Me: Yeah Keaton, you did.

 

And with that, I turn off my phone and finish my wine.

 

 

YOU KNOW THE FEELING
, even in the very back of your subconscious, say…when you’re
sleeping,
that sets off your protective instinct sensors?

That’s what wakes me up in the morning. The sense of eerie discontent sounding off the alarms in my head.

I startle fully awake and bolt upright, spotting the source of my problem—sitting in the chair across the room, staring at me with a stony expression, one leg crossed over the other knee, fingers steepled under his chin.

Keaton.

Just Keaton. He doesn’t deserve the whole name I was starting to think of as reminiscently cute.

“What the hell are you doing in my house?
How
did you get in, and on what planet do you think it’s okay to break in and watch me sleep?”

“You left the back door unlocked, which pisses me off. Lock your fucking doors. And your final text last night pissed me off even worse. So I was waiting for you to wake up and tell me to my face just exactly what the fuck it is you meant.” His tone isn’t cold, like mine, it’s…scarily even and direct.

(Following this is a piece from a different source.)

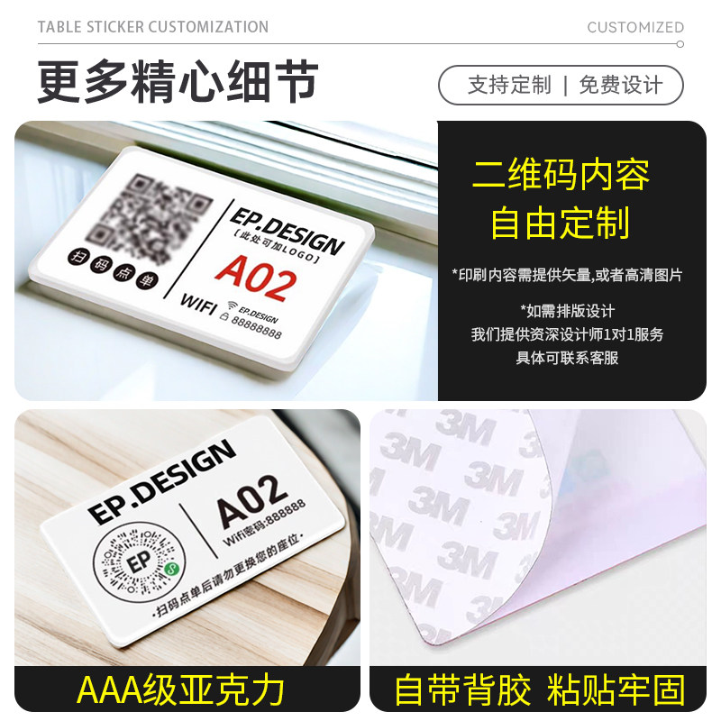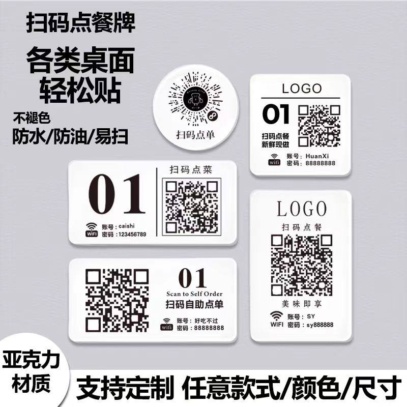 定制扫码点餐二维码亚克力桌贴牌点餐码下单餐桌牌扫一扫点菜牌子

“Don’t make it worse, Keaton. I owe you a lot, you’ve helped me in more ways than you know, and for that kindness I’m grateful. In fact,” I crawl to the end of the couch and grab the box off the end table, “here, I got you a thank you gift.”

I throw it across the room and he catches it in one hand. “Take it and go, with my thanks for many things. We can still have an amicable parting, unless you continue to sit there and look me in the face like you have no clue what could’ve possibly gone wrong. Your choice.”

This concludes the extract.